La cérémonie d’ouverture du deuxième sommet des chefs d’État de l’Alliance des États du Sahel s’est tenue ce mardi 23 décembre 2025 au Centre international de conférences de Bamako. Un rendez-vous politique majeur marqué par des discours aux accents souverainistes et un ton résolument anti-impérialiste.
Prenant la parole, le président burkinabè Ibrahim Traoré a livré une allocution forte, annonçant ce qu’il a qualifié d’« hiver noir » pour l’Afrique de l’Ouest. « L’hiver noir arrive. Il sera très froid, sanglant et meurtrier », a-t-il déclaré, établissant un lien direct entre cette menace et la création de la Confédération de l’AES. Selon lui, la fondation de cette alliance a permis de percevoir les signaux avant-coureurs d’une crise majeure.
Le chef de l’État burkinabè a également pointé du doigt ce qu’il considère comme un manque de lucidité de certains Africains face aux enjeux géopolitiques actuels. Il a comparé la situation à celle du Printemps arabe, estimant que l’Afrique de l’Ouest pourrait connaître des bouleversements similaires si les peuples ne prennent pas conscience des dangers à venir. Dans ce contexte, la Confédération de l’AES apparaît, selon lui, comme une réponse stratégique face aux menaces extérieures.

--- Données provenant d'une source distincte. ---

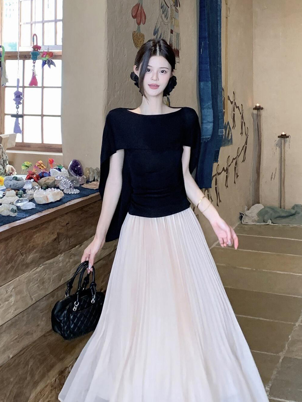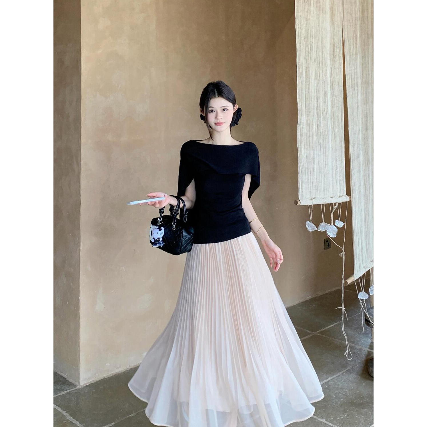 있음 도착 부드러운 치엥 여름 한 부서 여신 망토 디자인 센스 슬림해 보이는 얼음 센스 품격

Avant lui, le président nigérien Abdourahamane Tiani est revenu sur les circonstances ayant conduit à la création de l’AES. Il a dénoncé un système qu’il juge favorable à l’exploitation néocoloniale des ressources du Sahel, affirmant que l’Alliance marque une rupture nette avec les schémas de dépendance. « Désormais, les décisions se prennent à Ouagadougou, Bamako et Niamey, et non ailleurs », a-t-il martelé.
Président sortant de la Confédération, le général Assimi Goïta a, pour sa part, dressé le bilan de son mandat. Il a mis en avant plusieurs réalisations majeures, notamment la création d’une Banque confédérale dotée d’un capital initial de 500 milliards de FCFA, l’instauration d’un mécanisme de prélèvement confédéral, le lancement de la télévision de l’AES et la mise en circulation de documents de voyage communs. Il a également annoncé des projets structurants à venir, dont le développement des infrastructures de transport et la création prochaine d’un Parlement confédéral.
À l’issue de la cérémonie d’ouverture, les chefs d’État de l’AES se sont retirés au palais de Koulouba pour une réunion à huis clos. Le sommet doit être sanctionné par un communiqué final, attendu lors de la cérémonie de clôture prévue au CICB.